I want to invite us each to have an Easter talk with ourselves. To sit ourselves down and ask, “Who does my faith call me to be right now? And in order to be that person, which voices do I need to listen to and which do I need to ignore? Of what consequences am I willing to live in scorn?” Because that’s what it’s all about right? If there were no consequences, being who we are, speaking our truth, and living out our unique ministry would be easy. We’d all be doing it all the time. And we don’t. Jesus modelled what it means to live a life in scorn of the consequences. He knew where all his teaching and preaching and rabble rousing was going to land him. He knew that the Roman Empire doesn’t play games. But he did it anyway. He lived the life he felt called to live. And in the end, he walked knowingly, with eyes wide open, into the trap that had been set for him. At the end of his prayer time in the Garden of Gethsemane, he basically said to his disciples, “Well, it’s time. I’ve been betrayed and in fact here’s my betrayer now. Come on, let’s go.”

We have a wonderful Easter tradition at First U – some of you who are newer to the congregation may not have been part of this yet, but here’s what it is: as people enter the sanctuary, each person receives a piece of flash paper. This is a special kind of magician’s paper that, if you touch it to a flame, explodes and disappears. We each write on our piece of paper the thing that we are willing to let die, to let go of, in order to be resurrected this spring. What’s the thing that’s holding us back? What’s the destructive pattern we need to get free from? We write that thing on our piece of paper. We infuse our piece of paper with that thing. And then one by one, we come forward, touch the flash paper to the chalice flame and let it go.
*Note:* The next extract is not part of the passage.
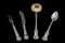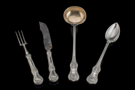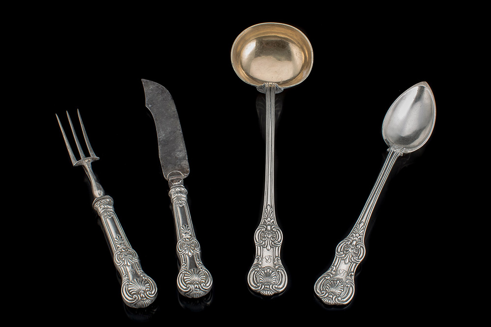 Quattro posate da portata in argento, con aderenze in ferro, con manici decorati a volute fogliate e conchiglia; monogramma inciso. Regno delle Due Sicilie, Napoli, 1832-73. Secolo XIX (g tot. stimati 600 ca.) (lievi difetti)

This year we can’t do this in the same way for obvious reasons. We thought of mailing you all some flash paper, but that would be all kinds of illegal and dangerous. But we can still invest this holiday and this moment in our shared story with meaning. We can still pause in this season and seize this moment for transformation. We can ignite that flash in our minds. Today, let’s let that flash be the flash of creativity, the flash of our own truth, the flash of boldness, the flash of unconditional self-love wherever we are at in our lives right now.

We may or may not all ground our faith in a god who loves us personally. But we can all faithfully tell ourselves: “I am of infinite value. [flash!] I am unique in the universe. [flash!] My life is a miracle. [flash!] I am worthy of unconditional love [flash!]. My body is here on this earth for a brief spark of a moment. Nobody is going to tell me what to do with my moment. [flash!] I have no use for your noise [flash!]. I will not listen to ‘I can’t’ [flash!]. I can and I will do what it takes to join the resurrection of this season [flash!]. ‘I’m not gonna’ knock; I’m just gonna’ walk on in’ [flash!].”

Whether or not Jesus had a bodily resurrection we can sense that something of him survived his death. Maybe it was this holy scorn of the consequences of his life. That he was willing to act on pure faith, doing the work he was called to do, without giving a fig for society’s opinions, questions, and punishments. That delicious scorn rose up from his dead body and has lived on for over 2000 years. That scorn is thrilling. That commitment to a calling is inspiring. That confidence of knowing who you are is deeply comforting.

May we soak in some of that holy scorn this Easter Sunday. Today may we find faith in a larger purpose and plot our own resurrection accordingly. We are green shoots pressing up through the earth like the season of spring. We are water bubbling through rock emerging as a spring. We are like a coil, long compressed and ready to spring. Today let’s answer only to the holy that is at our core, to the call that only we can hear to guide us. Let’s clear away the debris of doubt from our path. Spring will not be cancelled. Today let nothing keep us down. Let nothing hold us back.